The Final Post of the Year and ‘last post’ from Durban

This is the last posting to be written in my incarnation of Director of HEARD. It is a time of change, and the passing of Nelson Rolihlahla Mandela has really shaken the country and me. It is taking time for this to sink in, but I will try to write about it.

I travelled to Cape Town on Wednesday, 4 December for a series of meetings and events. The first was the 3rd Structural Drivers of HIV Conference. I opened the conference with a short key note address and a great series of slides which are available on the HEARD website. This was an outstanding event with generally excellent papers and good logistics.

On the second day, we woke up to the news that Nelson Mandela had passed away. Everyone was very emotional. The country has lost a great and inspirational man. Inevitably this dominated our feelings and the news, until Sunday the 15th when he was buried in Qunu. In Cape Town, we marked this with a minute of silence followed by the national anthem (which we had sourced and dow loaded). The following day, at a Global Fund meeting we had a silence again. As we stood still and, in some cases weeping, one of women began singing Nkosi Sikelele and the hairs on my neck stood on end it was so powerful! It was both mournful and joyful.
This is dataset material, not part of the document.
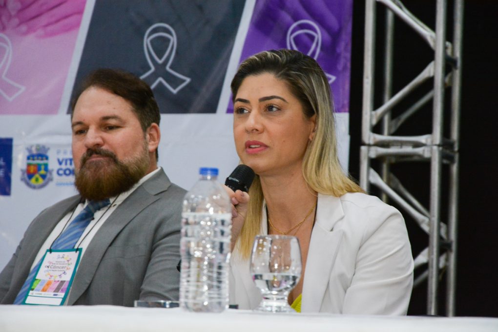 Em participação na abertura do primeiro Simpósio da Rede de Atenção ao Câncer da Região Sudoeste, promovido nesta terça-feira (9), pela Secretaria Municipal de Saúde (SMS), em parceria com o Unacon Samur e do Unacon do Hospital Geral de Vitória da Conquista (HGVC), a prefeita Sheila Lemos enfatizou a importância da promoção à saúde pelos profissionais, como forma de orientar as pessoas em relação ao cuidado preventivo.
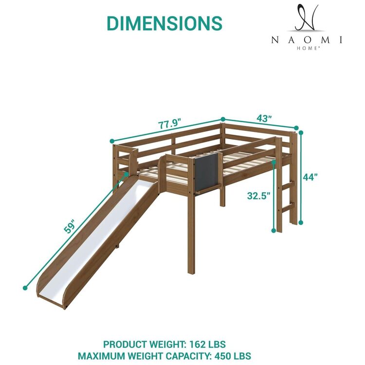 • Cindy Twin Size Loft Bed with Slide and Ladder, Kids Low Loft Bed by image - 1

I don’t think there is much I can add to the panoply of writing and analysis that has appeared. At the Wilton Park meeting on ‘Scaling up HIV/AIDS Treatment as Prevention: Southern Africa and Beyond’, we were invited to contribute a thought in honour of Madiba. Mine was a reflection on his leadership which  allowed us to vote in 1994. The polling booth was at the university where there were no queues. The monitors and election officials were friends and acquaintances. At the time Rowan, who was with Ailsa and I, was three and a half years old. I asked if I could take her into the booth. As I made my mark, with tears streaming down my cheeks, I said to her, ‘Remember this moment Rowan’. I still weep when I think of voting or try to tell the story. This vote was made possible by the leadership of Nelson Mandela.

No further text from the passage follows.